読了日:04月08日 著者:エドガー・アラン ポー
終りなき夜に生れつく (ハヤカワ文庫―クリスティー文庫)終りなき夜に生れつく (ハヤカワ文庫―クリスティー文庫)感想
『やりなおし世界文学』からの派生読書。十代半ばに読んで以来の再読だった。ミステリを読むつもりで読み始めた本は、確かにミステリではあったのだが、でもちょっと、なにか違うものを読んだ気もして、そんなところも面白かった。 
読了日:04月07日 著者:アガサ・クリスティー
その昔、N市ではその昔、N市では感想
戦後ドイツを代表する女性作家マリー・ルイーゼ・カシュニッツ(1901-1974)の作品を集めた日本オリジナル短篇集。200頁ちょっとと比較的薄めの本にもかかわらず、いずれ劣らぬ読み応えの作品が15篇も!とりわけお気に入りは、「白熊」「船の話」「ルピナス」「四月」あたり、あ、でも「いいですよ、わたしの天使」も…。あれもこれも捨てがたい、やっぱり、全部、お気に入り!?
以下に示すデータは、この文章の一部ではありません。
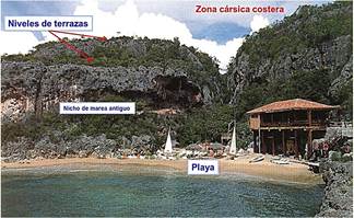 La abrasión costera en Santiago de Cuba, y a partir de la condición de una plataforma submarina poco desarrollada, propicia la formación de playas de arenas gruesas y guijarros redondeados compuestos por rocas vulcanógenas y vulcanosedimentarias típicas en la región, aunque en algunos casos se forman de arenas finas poco desarrolladas provenientes de las formaciones calcáreas cuaternarias, que cerca de la costa se encuentran generalmente carsificadas. Por otro lado, en las costas de la provincia de Santiago de Cuba se desarrollan distintos niveles de terrazas costeras de material calizo y margoso calizo, sobre todo en el municipio Santiago de Cuba, en ellas se ubican distintas infraestructuras que actualmente se encuentran amenazadas por fenómenos erosivos (Fig. 19).

読了日:04月05日 著者:マリー・ルイーゼ・カシュニッツ
無垢なる聖人無垢なる聖人感想
舞台は1960年代後半のスペイン南部。貧困にあえぐ貧しい人たちと、遊んで暮らす金持ちがいて、心優しい人たちと、わがまま放題の人たちがいる。それでも、誰一人幸せになることのない残酷なラストは、新しい時代の幕開けを予感させる。